Summary Dashboard: The Fleet View
The Summary Dashboard answers: "How is my entire fleet of this asset class performing right now?"
- KPI cards showing count of active alerts, average health, total anomalies
- Map visualization showing device locations with color-coded status
- Trend charts showing fleet-wide metric averages over time
- Filterable by location, criticality, manufacturer, or any dimension
This is what your operations manager looks at on a Monday morning. One screen tells them which asset class has the most problems, which locations are trending badly, and where to focus the maintenance crew.
Entity Dashboard: The Single-Device Deep Dive
The Entity Dashboard answers: "What is happening with this specific asset right now and over time?"
- All metrics displayed as time-series charts with zoom and pan
- Anomaly markers overlaid directly on the metric charts
- Alert history for the specific device
- Direct link to the Manage asset record for work order context
This is what your reliability engineer pulls up when the Summary Dashboard shows a red dot on Building C. They drill from fleet to individual, see the vibration trend climbing, and decide whether it needs immediate attention or monitoring.

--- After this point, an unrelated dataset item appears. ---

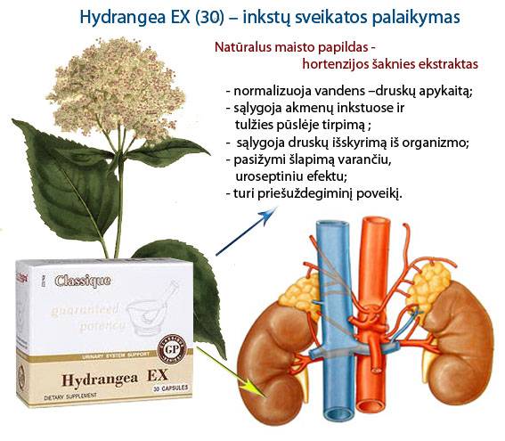 Pavadinimas hydrangea, išvertus iš graikų kalbos reiškia vandens indas ir atspindi ne tik šio puikaus augalo meilę vandeniui, bet ir jo teigiamą poveikį žmogaus organizmui vandens - druskų apykaitos normalizacijai. Hortenzijos šaknies sudėtį sudaro hidrangino glikozitas, saponinai, rutinas, flavonoidai. Nuo senų laikų hortenzijos šaknis buvo naudojama tradicinėje kiniečių medicinoje kaip valanti priemonė šlapimo išskyrimo organų uždegiminių susirgimų metu, polinkio į kristalų ir akmenų susidarymą inkstuose ir šlapimo takuose, podagros, skysčio susilaikymo organizme atvejais. Hortenzijos šaknies biologiškai aktyvios medžiagos pasižymi švelniomis šlapimą varančiomis ir žaizdų gijimą skatinančiomis savybėmis, kurios turi šlapimo ir lytinių organų sistemą valantį poveikį, sąlygoja nuodingų medžiagų iš organizmo išskyrimą, pabrinkimo sumažėjimą. Hortenzijos aktyviosios medžiagos sąlygoja šlapimo rūgšties išskyrimą iš organizmo, apsaugo nuo kristalų kaupimosi sąnariuose ir šlapimo takuose, pasižymi antimikrobiniu poveikiu naikina mikroorganizmus, kurie sukelia šlapimo išskyrimo sistemos ligas. Hortenzija naudojama kaip pagalbinė priemonė, pasireiškiant uždegiminiams procesams šlapimo takuose ir šlapimo pūslėje, sumažina gleivinės uždegimą. Sumažina spazmus šlapimo šalinimo organuose, pasižymi skausmą mažinančiu poveikiu. Hortenzijos šaknis palengvina priešmenstruacinį sindromo simptomus. Hortenzija puiki garantuota pagalbinė priemonė, lengvinanti būklę prostatos susirgimų atvejais. Hortenzija veikia inkstus tonizuojančiai, pagerina jų funkciją. ● normalizuoja vandens druskų apykaitą; ● sąlygoja akmenų inkstuose ir tulžies pūslėje tirpimą ; ● sąlygoja druskų išskyrimą iš organizmo; ● pasižymi šlapimą varančiu, uroseptiniu efektu; ● turi priešuždegiminį poveikį.

Custom Dashboard: Your Design
The Custom Dashboard answers: "What do I specifically need to see that the standard views do not show?"
- User-designed layouts using a drag-and-drop dashboard builder
- Widgets: charts, tables, maps, images, KPI cards
- Configurable data sources and refresh intervals
- Shareable across users and teams
You might build a custom dashboard that shows all critical assets across three plants on a single screen, or one that compares vibration trends between identical pumps to identify the outlier. The builder gives you the flexibility.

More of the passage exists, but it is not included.